*Information shown*:
■ ■ ■ ■ ■
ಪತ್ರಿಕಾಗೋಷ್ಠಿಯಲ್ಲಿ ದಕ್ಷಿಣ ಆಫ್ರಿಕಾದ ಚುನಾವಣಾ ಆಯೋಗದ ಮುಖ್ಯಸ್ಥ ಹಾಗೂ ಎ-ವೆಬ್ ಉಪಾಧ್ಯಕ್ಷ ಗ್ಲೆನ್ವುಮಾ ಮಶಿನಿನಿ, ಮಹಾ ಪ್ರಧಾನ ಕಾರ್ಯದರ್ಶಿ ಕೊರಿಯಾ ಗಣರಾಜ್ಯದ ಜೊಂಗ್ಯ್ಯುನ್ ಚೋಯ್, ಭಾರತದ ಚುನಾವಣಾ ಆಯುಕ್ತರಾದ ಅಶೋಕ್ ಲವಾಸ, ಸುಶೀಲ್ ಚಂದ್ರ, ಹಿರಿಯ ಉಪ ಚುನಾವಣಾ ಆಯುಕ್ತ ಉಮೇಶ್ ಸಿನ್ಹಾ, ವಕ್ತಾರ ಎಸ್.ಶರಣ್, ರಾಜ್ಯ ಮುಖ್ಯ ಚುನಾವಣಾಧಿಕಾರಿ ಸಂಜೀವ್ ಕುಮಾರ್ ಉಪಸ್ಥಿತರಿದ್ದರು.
■ ■ ■ ■ ■
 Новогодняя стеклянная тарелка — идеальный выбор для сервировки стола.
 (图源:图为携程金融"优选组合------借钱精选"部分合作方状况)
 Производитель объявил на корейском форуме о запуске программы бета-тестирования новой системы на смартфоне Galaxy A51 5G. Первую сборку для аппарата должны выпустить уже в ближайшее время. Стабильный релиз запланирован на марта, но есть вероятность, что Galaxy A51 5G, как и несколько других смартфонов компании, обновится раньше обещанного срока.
■ ■ ■ ■ ■
After locating the line with "Новогодняя стеклянная тарелка" in the material above, return it and each line after it exactly, ending at the line with "Производитель объявил на".

*Result of the exercise*:
 Новогодняя стеклянная тарелка — идеальный выбор для сервировки стола.
 (图源:图为携程金融"优选组合------借钱精选"部分合作方状况)
 Производитель объявил на корейском форуме о запуске программы бета-тестирования новой системы на смартфоне Galaxy A51 5G. Первую сборку для аппарата должны выпустить уже в ближайшее время. Стабильный релиз запланирован на марта, но есть вероятность, что Galaxy A51 5G, как и несколько других смартфонов компании, обновится раньше обещанного срока.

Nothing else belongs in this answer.